In Flowers v State of New South Wales  NSWSC 526 the applicant sought to order that his claim for damages for malicious prosecution be heard by a jury, and that his application for a jury should itself be determined by a jury. In a very impressive document headed “Challenge to the Jurisdiction of the Court” Mr Flowers contends that trial by jury is an inalienable right guaranteed to him by the Magna Carta over 800 years ago and remains the common law of the land, and to deny trial by jury is to deny democracy and to deny democracy is treason.
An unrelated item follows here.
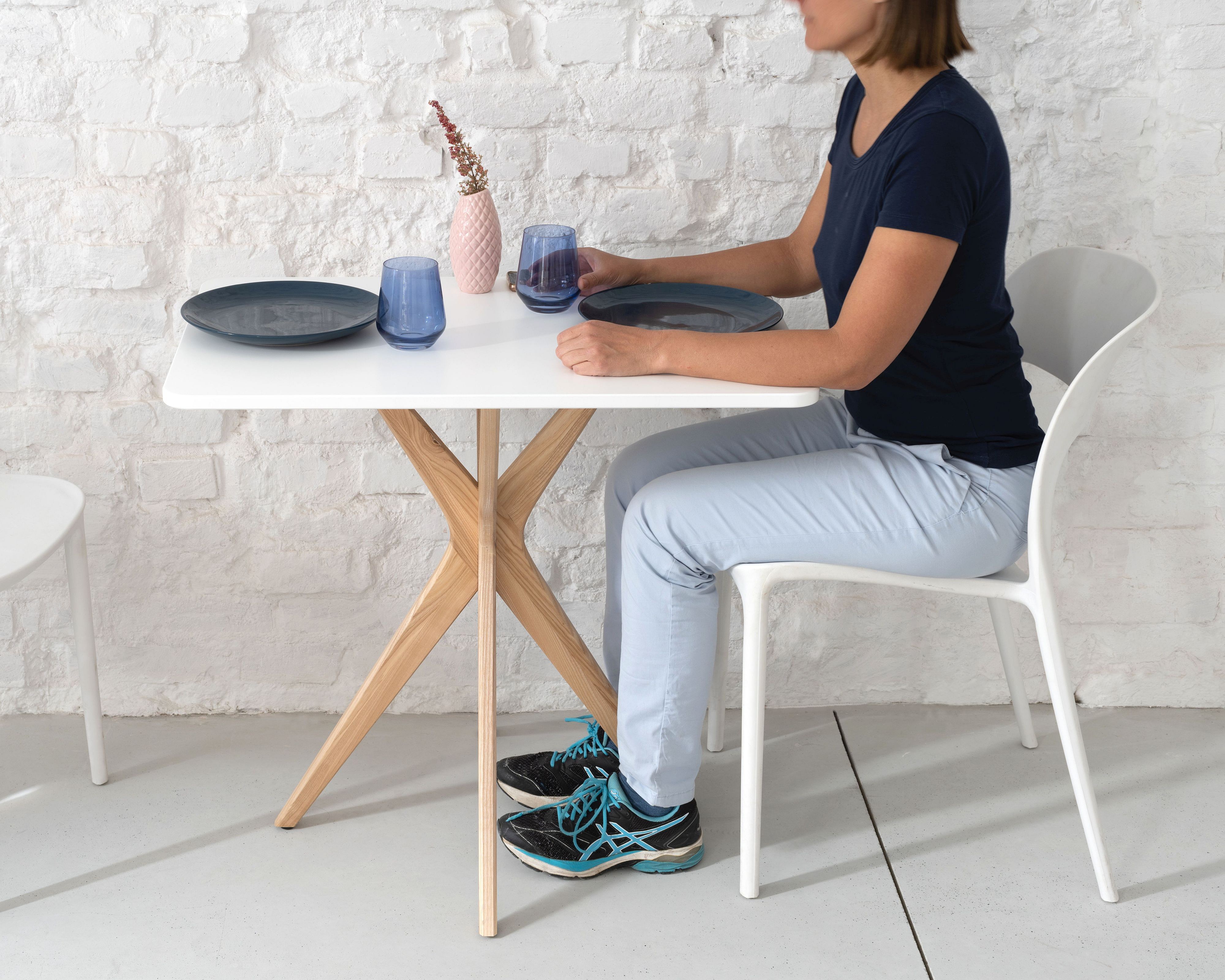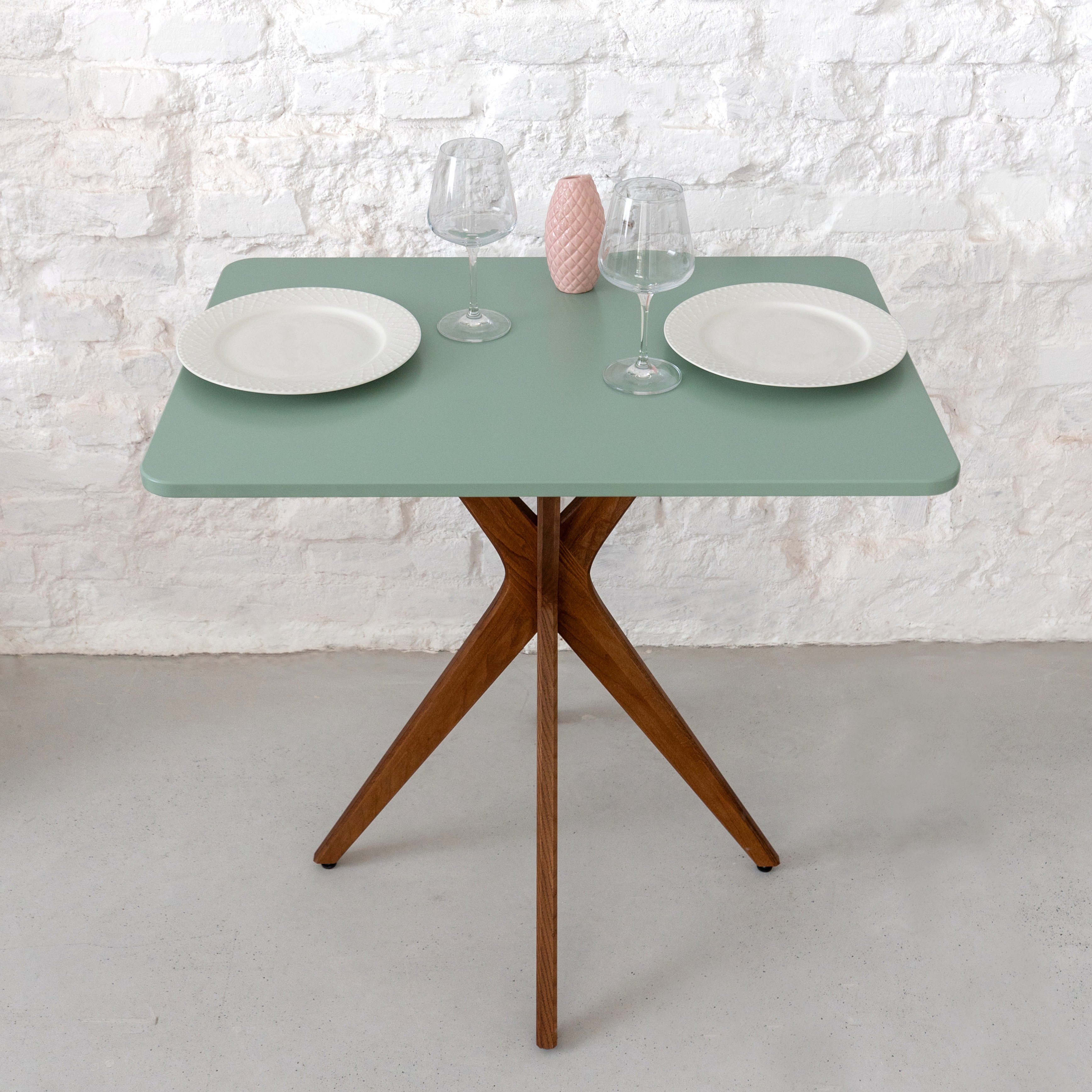 Kleine rechthoekige eettafel Jubi 55x80cm Parelgrijs met eiken poten
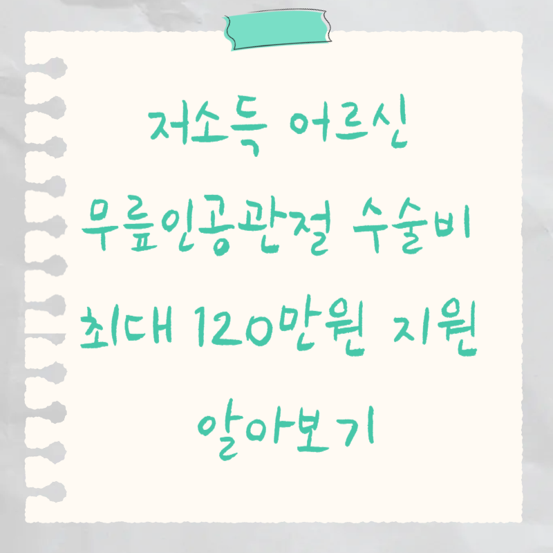 | 지원 제외 항목 | 1) 간병비, 상급병실료, 선택진료비, 보호자 식대, 무릎인공관절 수술과 관련 없는 검사, 치료, 입원료 등 |

Mr Flowers also submitted that all Acts of Parliament in Australia since 1901, with the Proclamation of the Commonwealth of Australia, have not been lawfully enacted. This is due to the fact that there have been no orders in the Privy Council for the appointments of any Vice Regal executive representatives of the Crown of the United Kingdom to grant the Royal Assent to bring any statutes into effect. The court rejected his submissions, and noted that:
“Mr Flowers has appeared throughout in these proceedings without legal advice or assistance or representation. The courts necessarily extend significant latitude to people in his position in order that indolence or suspicion or even choice should not frustrate the prospect of securing the protection of the law and the vindication of a right or access to justice. However, Mr Flowers is not alone in craving his day in court. The resources of this Court and others like it are finite and delays are often unavoidable despite the best efforts of all concerned. Mr Flowers wants his case heard and the State of New South Wales evidently shares his view. In such circumstances it is very important that Mr Flowers not become diverted by unhelpful voices chattering on the sidelines or by loud drums being beaten by folk with unhelpful agendas that are inevitably destined to frustrate his progress before eventually discarding him and moving on to their next target. There must necessarily be a limit to the amount of valuable court time Mr Flowers (or anyone like him) can be permitted to dedicate to silly arguments or confected obsessions that clog the court and waste everybody’s time without advancing his case.”
The background to Flowers v State of New South Wales  NSWSC 526 has been adequately recorded in Flowers v State of New South Wales  NSWSC 1308 and Flowers v State of New South Wales  NSWSC 1467, among others. The applicant has since appealed this decision on grounds of apprehended bias in Flowers v State of New South Wales  NSWSC 883 which brought the following response:
HIS HONOUR: By notice of motion filed on 22 June 2020, Mr Flowers moves the Court for an order that I recuse myself “as having any authority to determine any issues of law or fact in these proceedings”. That application is apparently supported by Mr Flowers’ affidavit filed on 22 June 2020. Unfortunately, Mr Flowers’ affidavit does not contain any single piece of relevant evidence that is directed to the question of actual or apprehended bias on my part. Indeed, as presently advised, I have no idea what Mr Flowers contends in support of his desire that I remove myself from hearing any contested issue in his proceedings.